So I think I'm experiencing depression as is. I have brief moments of happiness every now and then but when it comes down to it I'm just upset and sad with everything that's been going on in my life. Which is one reason for why I obsessively buy things, I buy things in order to distract myself from the depression but it's only temporary and then it comes back and usually at night. I really do hate my life right now but I'm unsure as to what to do about it.

My dad has left this weekend for Vietnam, so my mom won't have to deal with him for god knows how long. My mom is alone now though and I feel bad since she doesn't have anything to do but at least she has her friend who talks to her constantly to keep her company since that's what she needs and my dad won't be pestering her for a very long time.

Even now I feel sad and alone. I went to the TRAC which is the gym at my university for the first time today. I spent 40 minuets on an elliptical machine and it was nice. I feel good and had a nice lunch and stuff. My legs somewhat hurt but not really since Hip Hop Abs did a major reconstruction on my lower body so it doesn't hurt as much as far as I know. I'm also currently on a cooking rampage as well. Making fatty foods like crab rangoon, cookies, cakes and all that crap. I don't eat it but I do give it to other people so they can get fat and stuff. Lol. This is probably another compensation to my sad feelings right now.

The fact that my best friend has been lying to me is finally sinking in. I don't know what to do or how I should feel. I just feel sad, upset and disappointed. The person I've trusted for two years has lied to me for a year. It's bothering me more so than I thought. I kind of don't want to talk to him anymore but I feel like I should. I shouldn't feel guilt for the shitty things people do but I do feel the guilt. I've yet to know why I feel the bad remorse that I do, I need to figure something out. I don't know what it is but I'll find out.

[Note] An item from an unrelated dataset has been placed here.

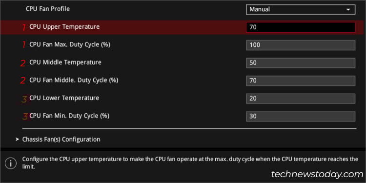 No entanto, você não encontrará a configuração da curva de velocidade do ventilador aqui. Em vez disso, você precisa definir o ciclo de trabalho max/middle/min duty cycle com base na temperatura superior/média/inferior. Sem tornar mais complexo, aqui está um guia passo a passo para ajudá-lo.

On a brighter note, I've been meeting new people and stuff. Making new friends that are pretty cool, it's actually been a while since I've met new people to actually hang with outside of school. I have a new kick ass recipe for my crab rangoon and I'll probably make some kick ass steak soon too. I'm hungry but I'm also on a diet which is utter crap. Just one more month of this and I'm good to go as long as I exercise daily and what not. Those are the only good things right now. The one thing I'm still missing is the love of my life...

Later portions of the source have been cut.